## Your goal:
Leave the pictures out. Retype exactly the lines below from the one containing "Diese Saucen und" through the one containing "Casa Flamenco –", and no others.

## Materials provided:
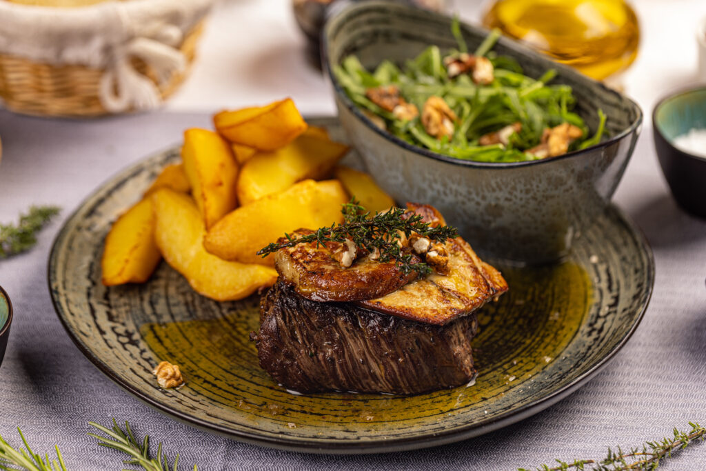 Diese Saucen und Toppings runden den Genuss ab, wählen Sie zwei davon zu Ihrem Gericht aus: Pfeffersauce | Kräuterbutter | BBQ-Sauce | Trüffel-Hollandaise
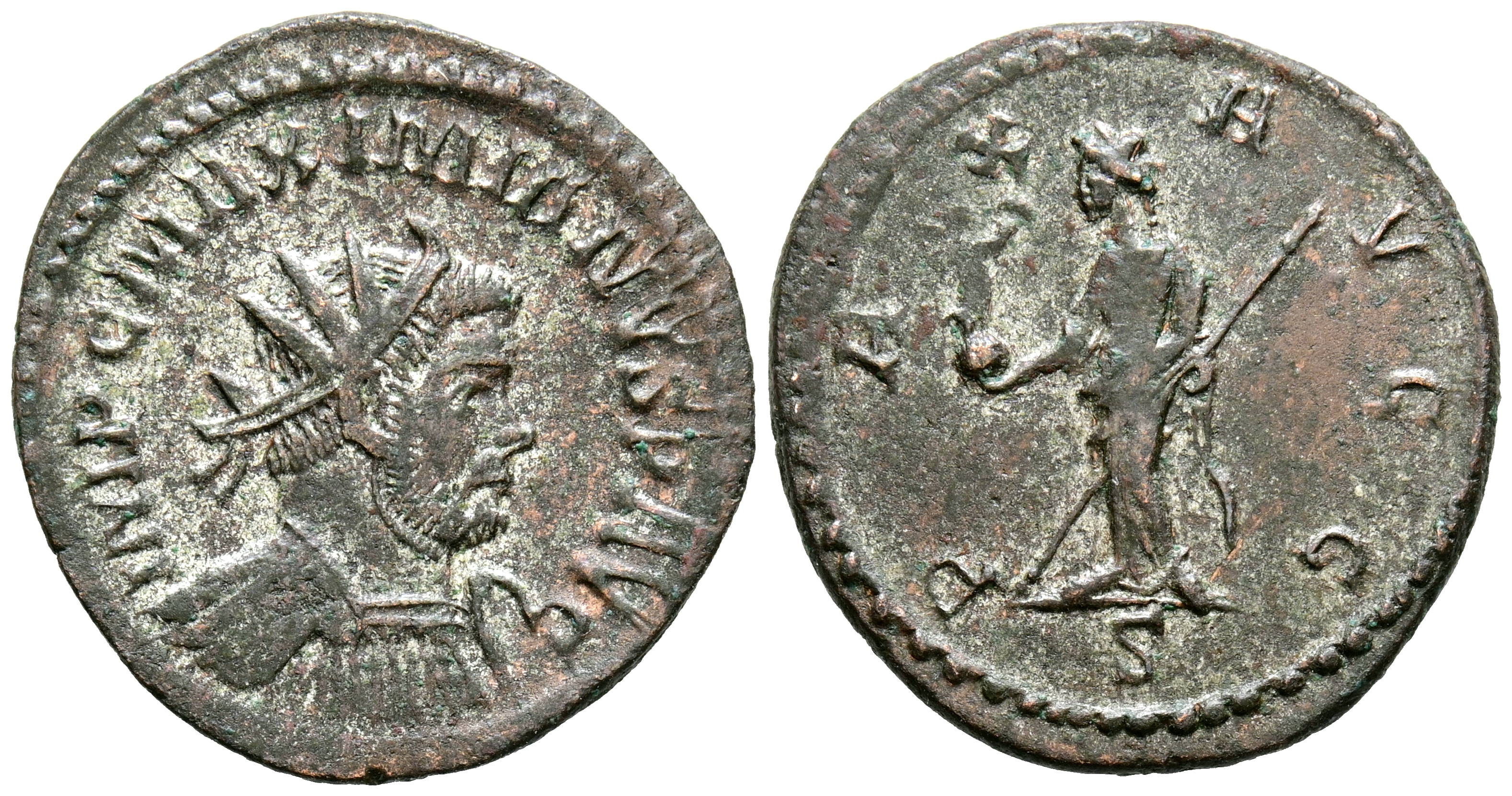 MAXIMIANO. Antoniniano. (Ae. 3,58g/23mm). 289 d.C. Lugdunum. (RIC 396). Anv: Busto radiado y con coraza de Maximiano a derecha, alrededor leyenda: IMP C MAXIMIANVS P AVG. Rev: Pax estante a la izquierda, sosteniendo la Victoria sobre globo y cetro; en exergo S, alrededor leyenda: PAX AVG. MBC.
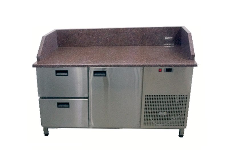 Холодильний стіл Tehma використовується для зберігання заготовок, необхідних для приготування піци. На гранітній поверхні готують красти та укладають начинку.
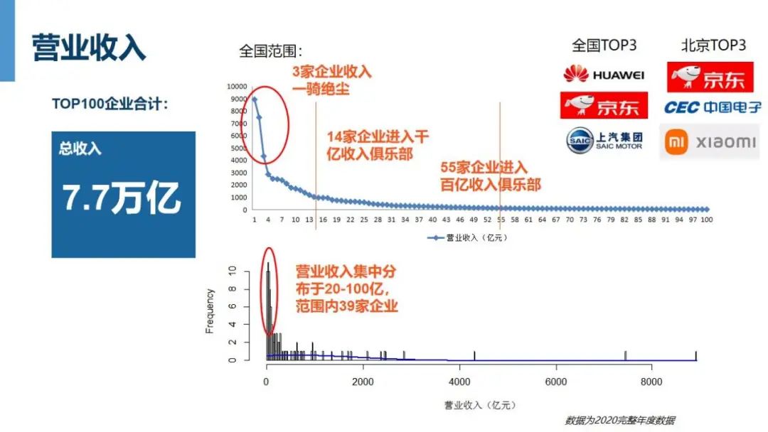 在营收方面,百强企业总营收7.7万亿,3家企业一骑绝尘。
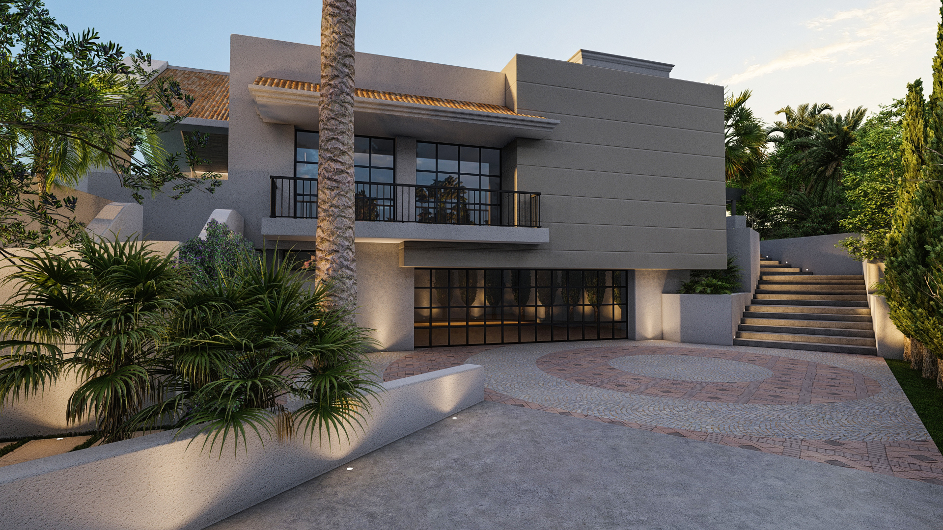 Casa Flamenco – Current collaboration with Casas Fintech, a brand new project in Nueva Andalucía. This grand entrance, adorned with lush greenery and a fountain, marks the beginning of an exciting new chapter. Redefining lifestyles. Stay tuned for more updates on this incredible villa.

--

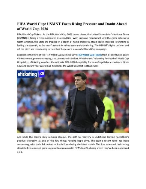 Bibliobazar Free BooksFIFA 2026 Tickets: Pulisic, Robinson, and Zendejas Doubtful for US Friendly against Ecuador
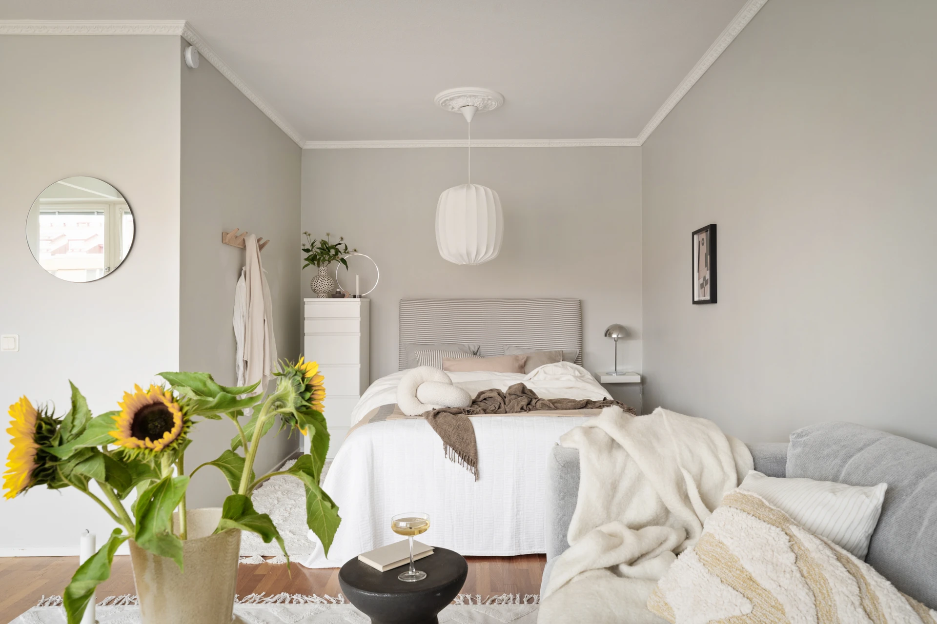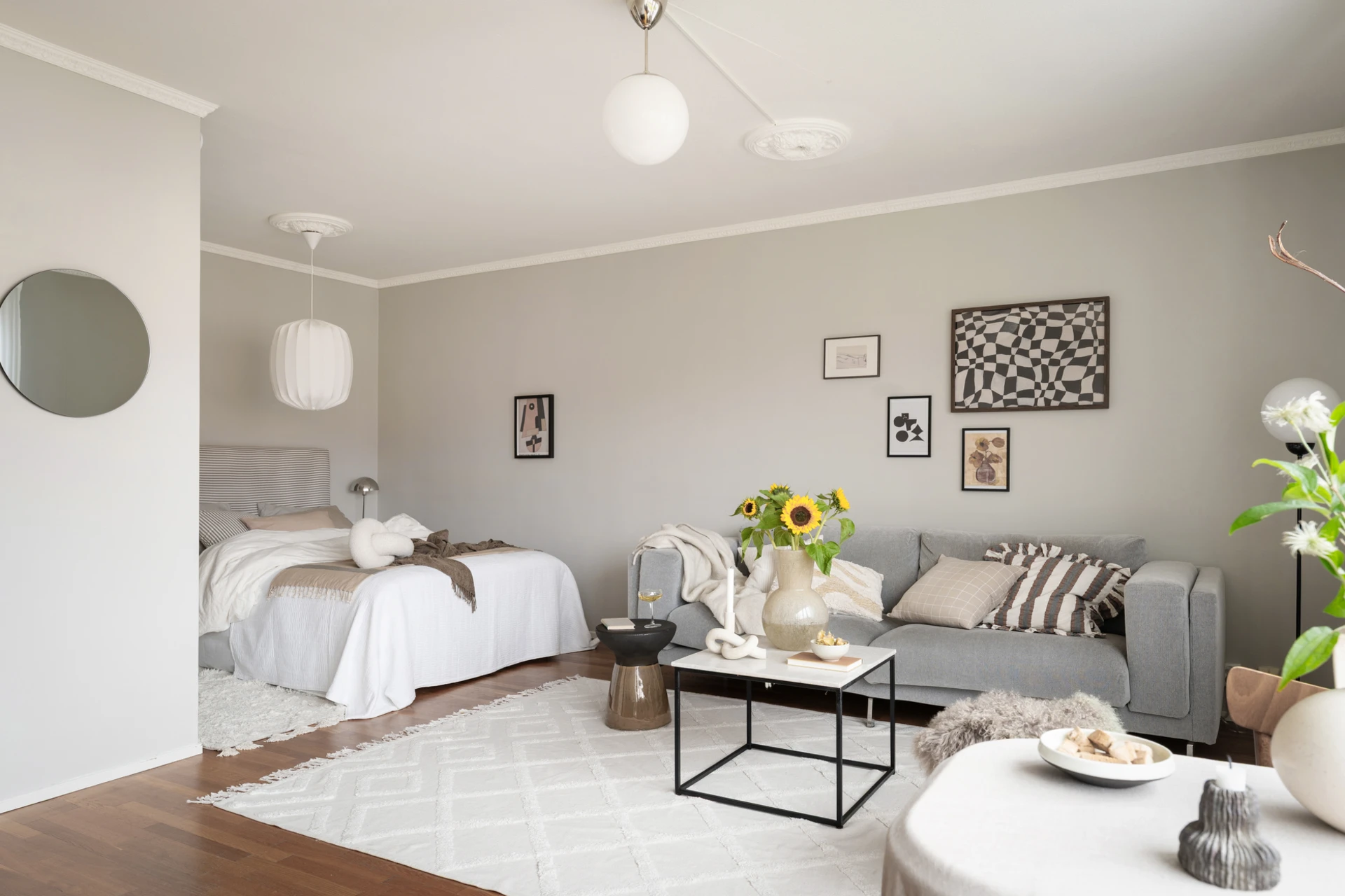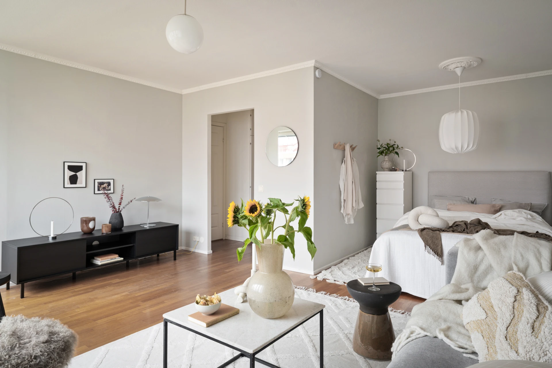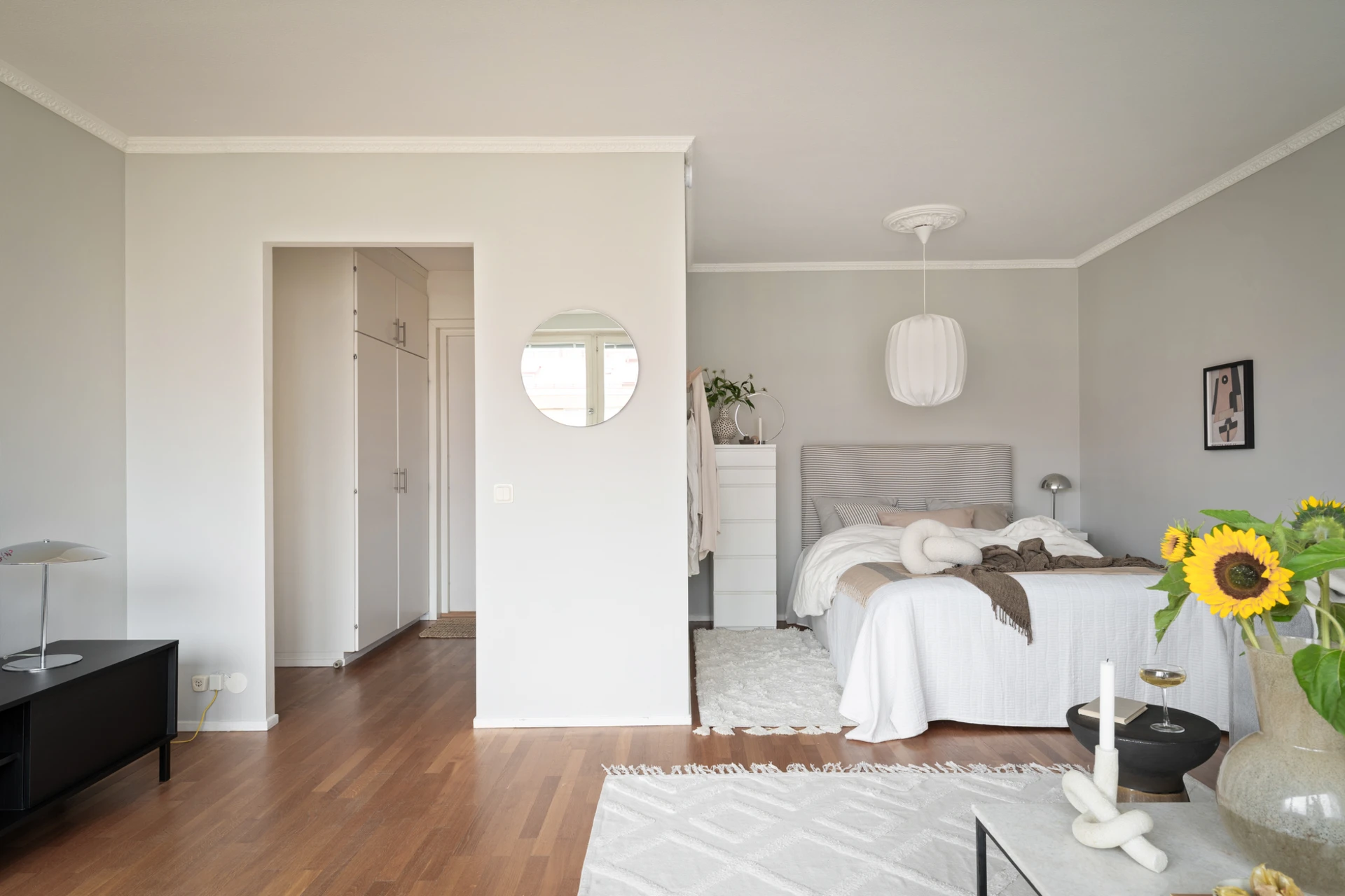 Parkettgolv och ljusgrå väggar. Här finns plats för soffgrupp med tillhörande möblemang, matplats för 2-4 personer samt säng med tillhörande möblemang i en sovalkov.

## Output for this task:
 Diese Saucen und Toppings runden den Genuss ab, wählen Sie zwei davon zu Ihrem Gericht aus: Pfeffersauce | Kräuterbutter | BBQ-Sauce | Trüffel-Hollandaise
 MAXIMIANO. Antoniniano. (Ae. 3,58g/23mm). 289 d.C. Lugdunum. (RIC 396). Anv: Busto radiado y con coraza de Maximiano a derecha, alrededor leyenda: IMP C MAXIMIANVS P AVG. Rev: Pax estante a la izquierda, sosteniendo la Victoria sobre globo y cetro; en exergo S, alrededor leyenda: PAX AVG. MBC.
 Холодильний стіл Tehma використовується для зберігання заготовок, необхідних для приготування піци. На гранітній поверхні готують красти та укладають начинку.
 在营收方面,百强企业总营收7.7万亿,3家企业一骑绝尘。
 Casa Flamenco – Current collaboration with Casas Fintech, a brand new project in Nueva Andalucía. This grand entrance, adorned with lush greenery and a fountain, marks the beginning of an exciting new chapter. Redefining lifestyles. Stay tuned for more updates on this incredible villa.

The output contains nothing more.